Much like the music of Jazz, we have found various genres or styles in the Psalms. For example, we have heard the diminished “Blues” of lament such as Psalm 51:1 (“Have mercy on me, O God … blot out my transgressions”). But as well, we have also heard the up-beat “Swing” of praise and thanksgiving lifted up in Psalm 121:2, “My help comes from the Lord, who made heaven and earth.” In sum: the book of Psalms at once speaks of our human condition of sin yet also of our being met by God’s Word of steadfast mercy and grace that reaches across the whole gamut of our life of faith. And so, let me ask: “As you listen to the heart of Psalm 31, for this coming weekend’s reading, what are you hearing?”

“Be gracious to me, O [God], for I am in distress; my eye is wasted
from grief , my soul and body also. For my life is spent with sorrow, and my
years with sighing; my strength fails because of my misery, and my bones
waste away.” (Psalm 31:9)

At least this part of the psalm is without question, a lament. Can you feel the weariness of the psalmist? In “body and soul” the psalmist is absolutely spent … wearied right down to “my bones [that are] wasting away.” And so it is with Jesus in our first Gospel text for this coming weekend from Luke 19:28-40. Think on the fact that at this point in his life, as Jesus enters the gates of Jerusalem on that Palm-Passion Sunday (what in Jesus’ time, the Jewish tradition referred to as the beginning of Passover) … he’s doggedly spent himself in a ministry of healing, teaching, traveling, being ridiculed and challenged … day after day … for now some three years since his ministry began at his baptism.

In our mid-week Bible study this past Wednesday, a woman pointed out something I’d never really “seen” before: as Jesus and the disciples prepare to enter the gates of Jerusalem, “they set Jesus upon [the donkey]” (Luke 19:35). “Could it be,” she questioned, “that Jesus was so weary that his disciples needed to help him up onto the donkey’s back? I mean, he must have been totally exhausted, say nothing of what he knew was his destiny with death, finally being used up for our salvation.” Could it be? And so what was it that kept Jesus going, his grounds for hope and strength, facing the cross? Listen once more to the words of Psalm 31 …
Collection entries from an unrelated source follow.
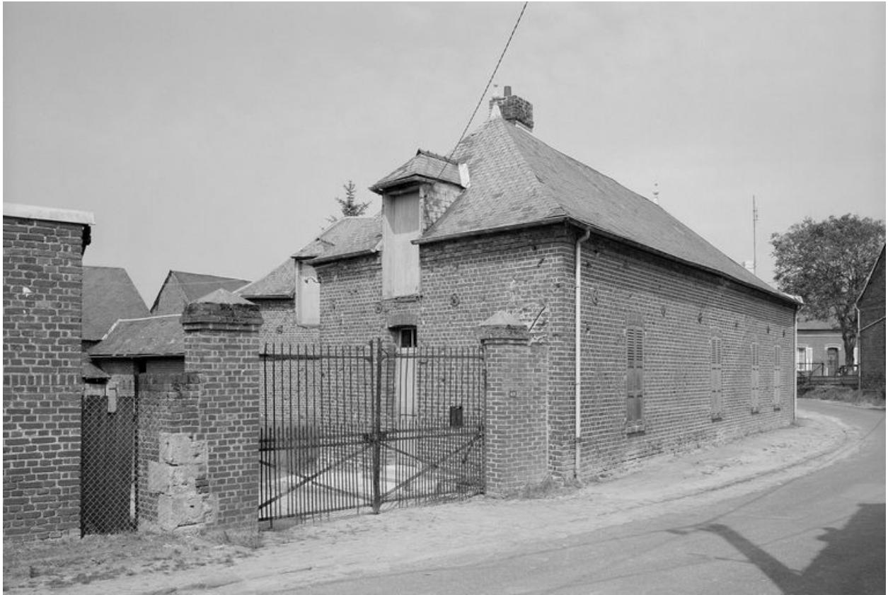
Logis. Elévation sur rue.
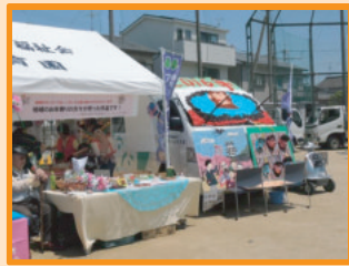
▲地域包括支援センターのブース。リフト付き介護自動車の飾りつけがカワイイ！

八尾市各地でおこなわれる「ふれあいまつり」のトップをきって龍華地区の「地域生き生きふれあい祭り」が龍華小学校で開催されました。
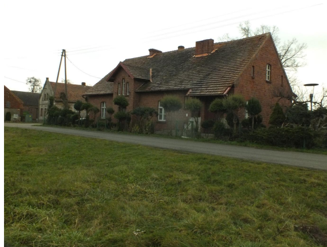
Fot.10. Kotowice - dawna szkoła
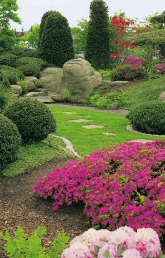
Perfekte Harmonie: Prächtig blühende Azaleen, kombiniert mit üppigem Grün und imposanten Findlingen.
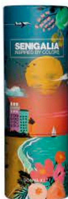
DONNA X117 VERY GOOD GIRL

Floral + Frutal Flor de naranjo, Jazmín y Tuberosa.
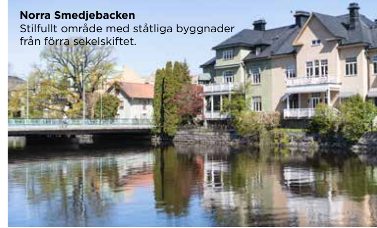
Norra Smedjebacken Stilfullt område med ståtliga byggnader från förra sekelskiftet.
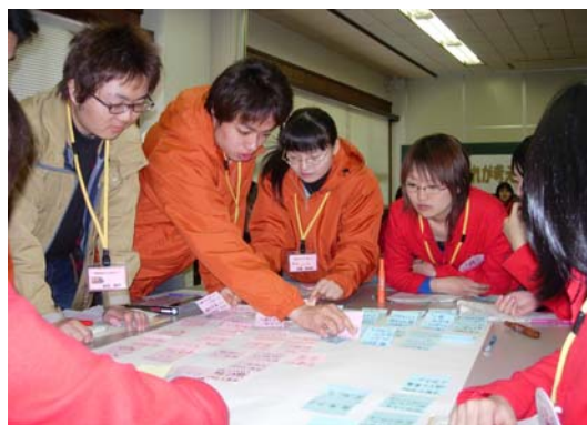
写真 5-2 意見交換②
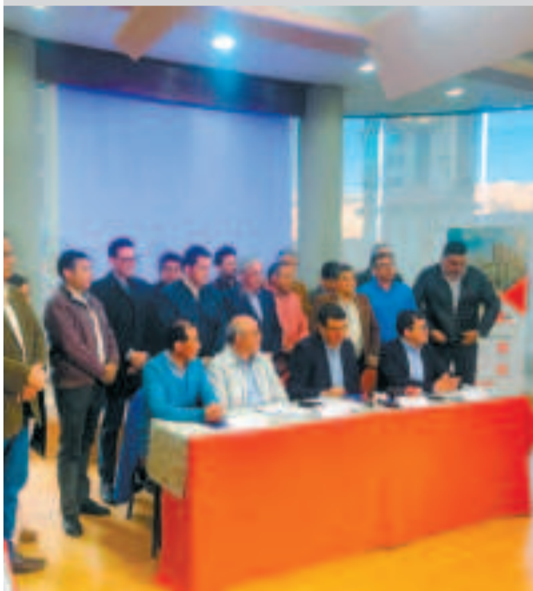
Los representantes y directivos de Caboco en conferencia de prensa.

“BUT I trust in thee, O Lord, I say, ‘Thou art my God.’ My times are [and 
have always been] in thy hands; deliver me from the hand of my enemies and persecutors!
Let thy face shine on thy servant; save me in thy steadfast love!” (Psalm 31:14-16)

My friends, think carefully and deeply with me on this … There are places in our hearts where only weakness can get in, where power and glory cannot enter. Knowing that, God has sent his Son in the likeness of a suffering servant (see our Old Testament lesson for this Sunday from Isaiah 50:4-9a), taking on our frail flesh and the sins of the world. And Christ, having laid aside his majesty and taking the form of a servant, being obedient even unto death on the cross, was crucified in weakness (see our Epistle lesson for this Sunday from Philippians 2:5-11). And on him God has laid the chastisement that has made us whole.

So it is, that when we come to the end of ourselves that we are most ready for the saving, steadfast presence of God. And then, into the earthen vessel of our own weakness is poured the whole counsel of God. Yes, even in the weakness and weariness of life, what we are called to embrace there is a supreme strength because it is God’s strength. For when we are weak, then we are strong (II Corinthians 12:10b) – in Christ. “O bless the Lord, O my soul, and all that is within me” (Psalm 103:1)!